Consider: if you want to calculate the probability of at least one detector going off, it's easier to work 'the other way round'. You can calculate the probability that none of the smoke detectors will go off, and then apply that figure in a certain way to solve the problem. How exactly to do that is something I'll leave up to you to figure out for the moment! It's less work than what you did, in any case.

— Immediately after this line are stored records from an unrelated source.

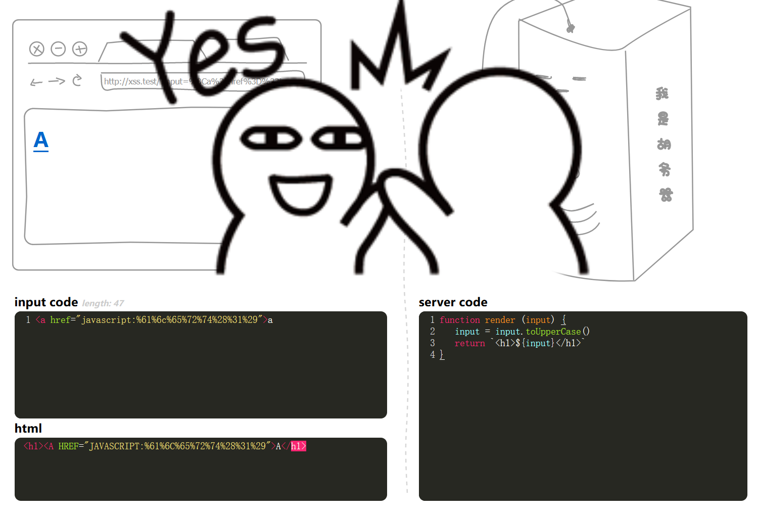 采用a标签,通过url编码绕过大写,点击 A这个链接进行触发
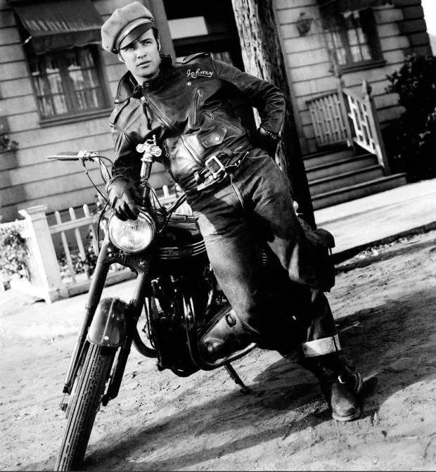 马龙·白兰度的《飞车党》中驾驶机车的浪子造型,成为叛逆的标记。皮夹克、紧身牛仔裤、白色 T恤、黑色手套和皮靴,至今都是哈雷行头的主要风格
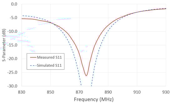 The reflection coefficient of the prototype was measured. A comparison with the simulation in Figure 9 shows a small disagreement. Because of the fabrication issue, the bandwidth of the measurement results was much smaller than the simulation. However, considering a −10 dB S11 criteria, a 27 MHz frequency bandwidth from 860 to 887 MHz was obtained that is suitable for the application. The 3D radiation pattern was measured using near-field StarLab station from Satimo. The antenna had a total efficiency of −1.7 dB at 868 MHz, as presented in Figure 10. The measurement shows a peak RHCP gain of 3 dBic at 868 MHz and a 50 MHz (844–894 MHz) −3 dB RHCP Gain frequency bandwidth. Moreover, a 14 MHz −3 dB axial ratio bandwidth was obtained in the broadside direction. Finally, the radiation pattern at 868 MHz presented in Figure 11 confirms that a −3 dB beamwidth of 117 was obtained.
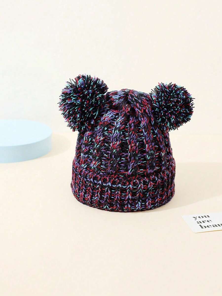 1pc Unisex Black & Red Mixed Ski Hat With Y2k Style Pompoms, Winter Warm & Stylish Beanie Cap For Outdoor Sports And Daily Wearing
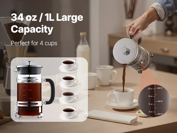 Versatile & Portable Design: More than coffee—brew tea, cold brew, or frothed milk with this 34 oz / 1L silver French press. Compact yet generous in capacity, ideal for home, office, camping, or sharing with friends and family
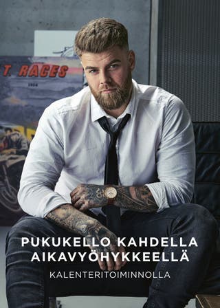 Päivämäärällä, viikonpäivällä, 24-tunnin kellotaululla ja kahdella aikavyöhykkeellä
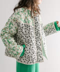 ・細かな花柄はプリントされた存在感のあるジャケット。

I believe you should arrive at an exact answer of 0.999488. Of course, take care in rounding off that figure to the correct number of decimals!

3. Jun 28, 2007

### HallsofIvy

What is the probability that one of them will not go off? What is the probability that none of them will go off? What is the probability that that will not happen?

4. Jun 28, 2007

### TSN79

Are you saying I used correct procedure but made some arithmatic error?

5. Jun 28, 2007

### Brinx

Yes, I think so. When I calculate those separate chances (P(X=1) + P(X=2) + P(X=3)) I still arrive at the answer I mentioned. Could you post your calculations here? We'll be able to point out where things go wrong.

6. Jun 28, 2007

### TSN79

Thx, I got the answer right now. Don't really know what I did wrong the first time...

7. Jun 28, 2007

### Curious3141

You're doing it in an inefficient way. Fine for 3 trials, but what if you're given 100 trials (say)? Will you manually add 100 terms?

Consider HallsofIvy's comment. That's the standard way to approach this sort of problem, saves a lot of work.